Both Talend and Quest have introduced data-integration software that exchanges data between Hadoop and conventional databases and data warehouses. Talend yesterday announced Hadoop integration through the Talend Integration Suite 4.0, which is already available. The suite includes native support for both Hadoop Distributed File System (HDFS) and the Hive database infrastructure built on top of Hadoop.
"We can put data into Hadoop, we can extract data from Hadoop using HDFS, and in the middle, we can generate Hive queries to run data transformations directly inside the Hive database," said Fabrice Bonan, Talend's co-founder and COO.
Talend's approach makes it possible for customers to combine Hadoop-based integration with traditional Extract-Transform-Load (ETL) or alternative Extract-Load-Transform (ELT) data integration processes. The ELT approach pushes transformation into the database, an approach that plays to the distributed-processing strengths of Hadoop.
Quest Software last week announced two products related to Hadoop. The first, a data-access and data-management tool called Toad for Cloud Databases, will take advantage of Hadoop's ability to process non-relational data such as e-mail, images and XML. A beta product released last week addresses cloud-based databases such as Amazon SimpleDB, Microsoft Azure Table services and Apache HBase; a planned second beta release will support so-called NoSQL databases including Apache Cassandra and Apache Hadoop through Hive.
Quests' second announcement is the planned release, by year-end 2010, of a high-speed Oracle-to-Hadoop data-transfer tool. Code-named Ora-Oop, the utility will provide an interface for high-performance, bidirectional data transfer between Hadoop and Oracle. The tool is being developed in conjunction with Cloudera, which provides enterprise-grade support for the Cloudera Distribution for Hadoop (CDH). Ora-Oop will be supported by both vendors, and Cloudera says the tool will complement Squoop, its existing open-source SQL-to-Hadoop database import tool included in CDH.
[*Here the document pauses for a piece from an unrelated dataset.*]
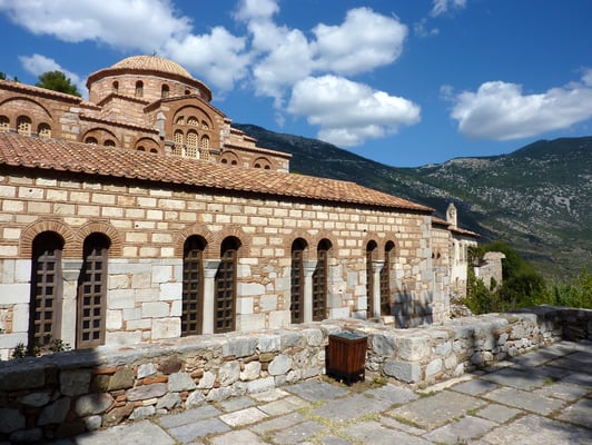Un arrêt dans un atelier d’artisanat d’art, assorti de quelques démonstrations et d’informations sur le travail de l’argile, la symbolique des décors, et nous quittons l’Argolide pour la Laconie, en passant par l’Arcadie au centre du Péloponnèse. Ici le paysage devient austère, une forêt basse et des broussailles couvrent les flancs de la montagne, peu de cultures ; l’émigration vers l’étranger a dépeuplé cette région, mais en retour les émigrés qui ont réussi construisent au pays et reviennent en vacances. Puis c’est la riche plaine de Laconie avec ses vergers d’oliviers, surtout des olives de table, et la traversée de Sparte, petite ville provinciale moderne, peu touristique. La cité rivale d’Athènes, fondée par des Doriens venus du nord du pays, réputée pour avoir eu la meilleure armée du monde antique, n’a pas laissé de traces spectaculaires de son passé. Devant nous, le mont Taygète, point culminant du Péloponnèse (2407 m) au pied duquel se trouve Mystra où, suite à une erreur de parcours, nous arrivons par une route de montagne offrant de superbes vues.

In a blue-chip example of Hadoop support, IBM last month announced consulting services for managing large volumes of data on Hadoop. As InformationWeek reported in this story, IBM calls its package of services and Hadoop-based analytics BigInsights Core.
Given Hadoop's cost and speed advantages, Gartner analyst Don Feinberg believes it will be a fast-growing choice for cutting large-scale-data, complex-data and mixed-data analyses down to size. Since smaller result sets will then be brought into more conventional warehouses and BI environments, connectors will become commonplace.
"I think all the DBMS vendors will eventually create a high-speed interface like Ora-Oop to get data into and out of Hadoop," Feinberg said. "If it costs me a million dollars to add a node to my enterprise data warehouse, why do I want to do that when I can handle the big data with a bunch of cheap, commodity servers and disk drives?"
Alternative analytic database providers including Vertica and Greenplum have already added connectors between Hadoop and their database management systems. With Talend and Quest piling on, the trend is well underway.